(Problem statement) Nothing but the text of the listing, repeated exactly, belongs in the answer; leave the images out.

(Dataset section)
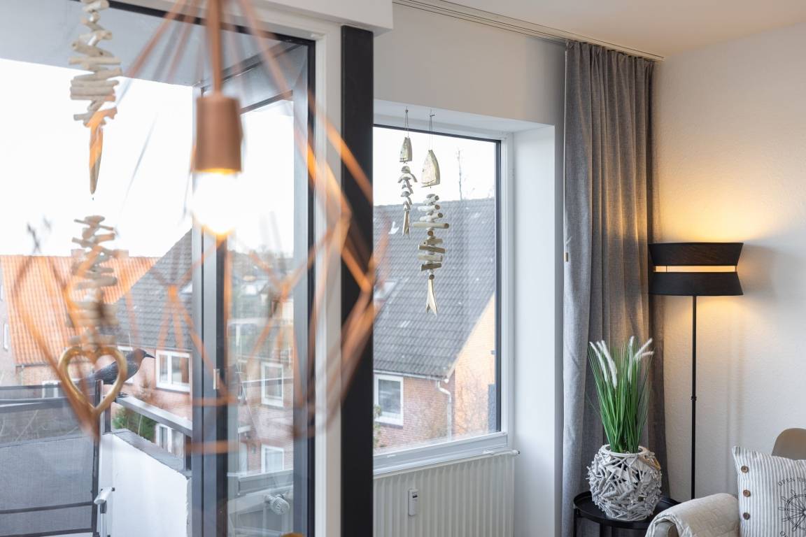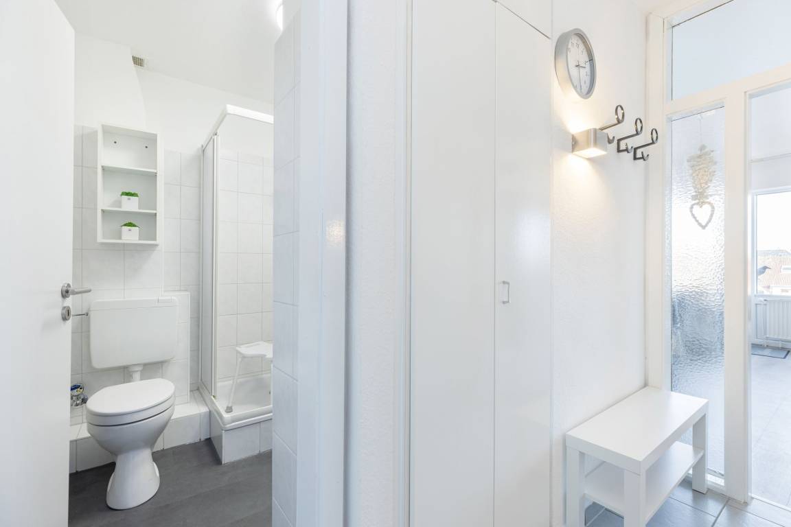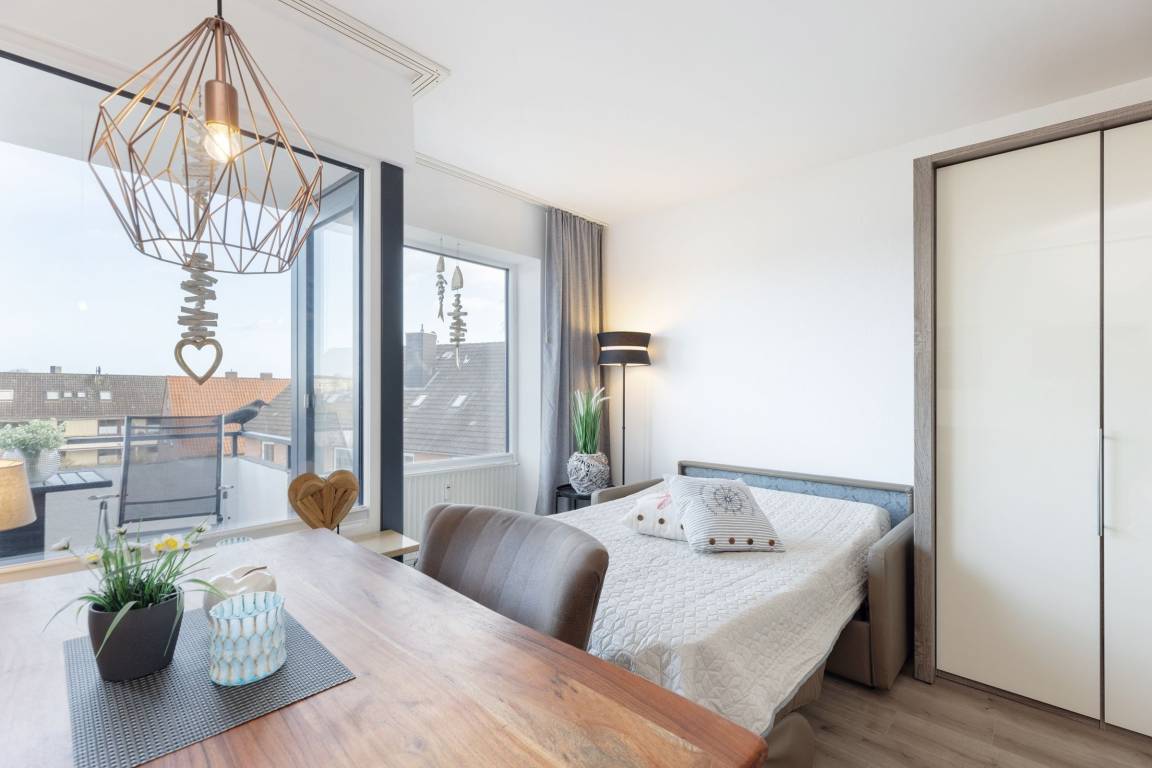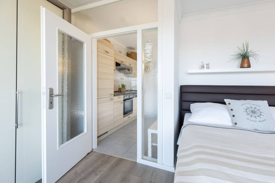 Im Eingangsbereich der Wohnung befindet sich auf der rechten Seite eine Küchenzeile mit hellen Fronten. Hier stehen Ihnen z. B. ein Backofen, ein Kühlschrank sowie ein Geschirrspüler zur Verfügung. Für den täglichen Kaffeegenuss sind eine Kaffee-Filtermaschine und eine Kaffee-Kapselmaschine (Nespresso) vorhanden. Geradeaus an der Küchenzeile vorbei erreichen Sie den kombinierten Wohn- und Schlafbereich mit Zugang zum möblierten Balkon. Als Schlafmöglichkeiten sind ein Boxspringbett (180x200 cm) und ein Schlafsofa (140x200 cm) vorgesehen. Weiterhin sind hier ein Flachbildfernseher und ein Kleiderschrank für Ihre Urlaubsgarderobe vorhanden. Plissees und Vorhänge im Wohnbereich sorgen für eine angenehme Verdunkelung. Der Esstisch mit ausreichend Platz für 3 Personen befindet sich direkt am Fenster und lädt zu gemeinsamen Mahlzeiten ein. Das innenliegende Badezimmer mit Dusche und WC ist hell gefliest und bietet Stauraum für Ihre Badutensilien. Auf dem möblierten Balkon können Sie viele erholsame Urlaubsstunden verbringen.
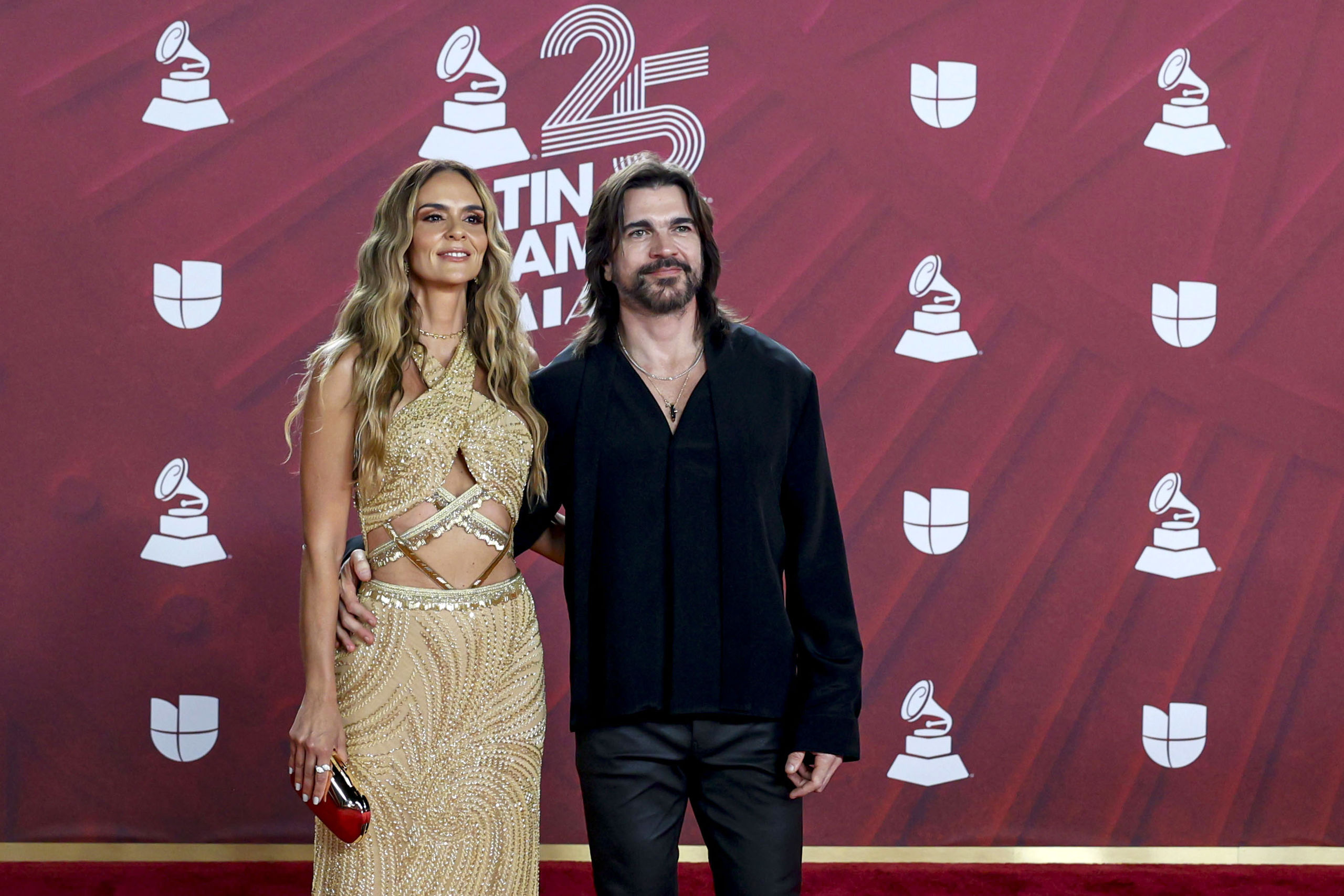 El cantante Marc Anthony y su esposa la modelo paraguaya Nadia Ferreira posan en la alfombra roja de la 25 entrega anual de los Premios Latin Grammy
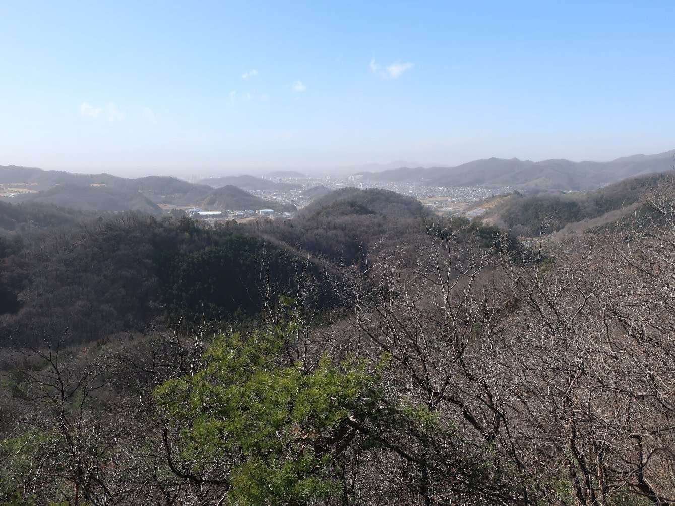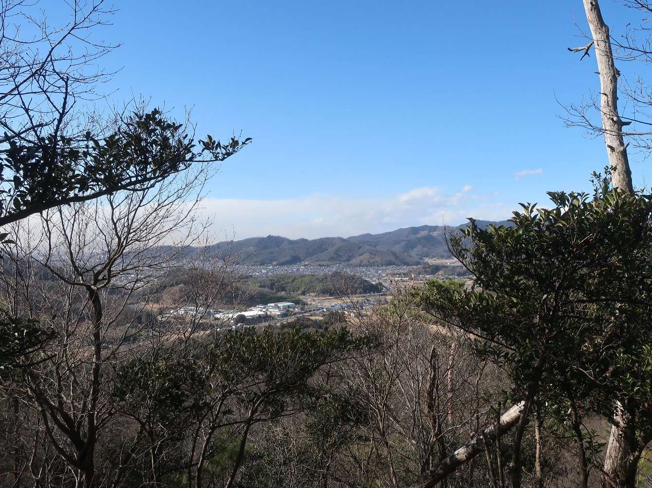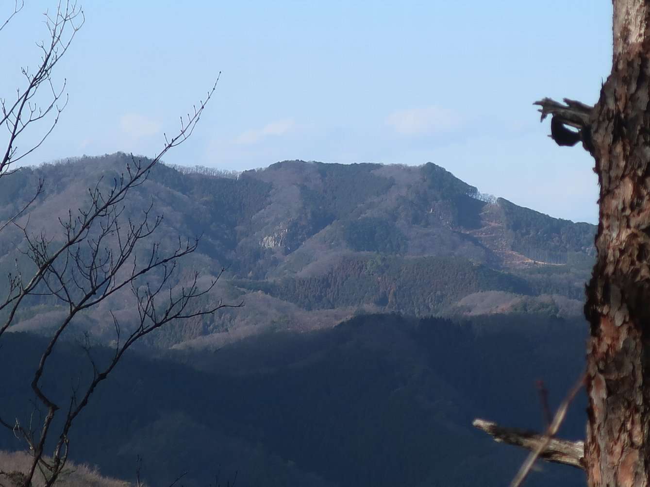 手前の伐採地あたりがワイン山でしょう。後方に行道山の岩(暗い部分の中腹)と北尾根の木が無い展望地が見えますね(写真をクリックで拡大可)

(Worked solution)
 Im Eingangsbereich der Wohnung befindet sich auf der rechten Seite eine Küchenzeile mit hellen Fronten. Hier stehen Ihnen z. B. ein Backofen, ein Kühlschrank sowie ein Geschirrspüler zur Verfügung. Für den täglichen Kaffeegenuss sind eine Kaffee-Filtermaschine und eine Kaffee-Kapselmaschine (Nespresso) vorhanden. Geradeaus an der Küchenzeile vorbei erreichen Sie den kombinierten Wohn- und Schlafbereich mit Zugang zum möblierten Balkon. Als Schlafmöglichkeiten sind ein Boxspringbett (180x200 cm) und ein Schlafsofa (140x200 cm) vorgesehen. Weiterhin sind hier ein Flachbildfernseher und ein Kleiderschrank für Ihre Urlaubsgarderobe vorhanden. Plissees und Vorhänge im Wohnbereich sorgen für eine angenehme Verdunkelung. Der Esstisch mit ausreichend Platz für 3 Personen befindet sich direkt am Fenster und lädt zu gemeinsamen Mahlzeiten ein. Das innenliegende Badezimmer mit Dusche und WC ist hell gefliest und bietet Stauraum für Ihre Badutensilien. Auf dem möblierten Balkon können Sie viele erholsame Urlaubsstunden verbringen.
 El cantante Marc Anthony y su esposa la modelo paraguaya Nadia Ferreira posan en la alfombra roja de la 25 entrega anual de los Premios Latin Grammy
 手前の伐採地あたりがワイン山でしょう。後方に行道山の岩(暗い部分の中腹)と北尾根の木が無い展望地が見えますね(写真をクリックで拡大可)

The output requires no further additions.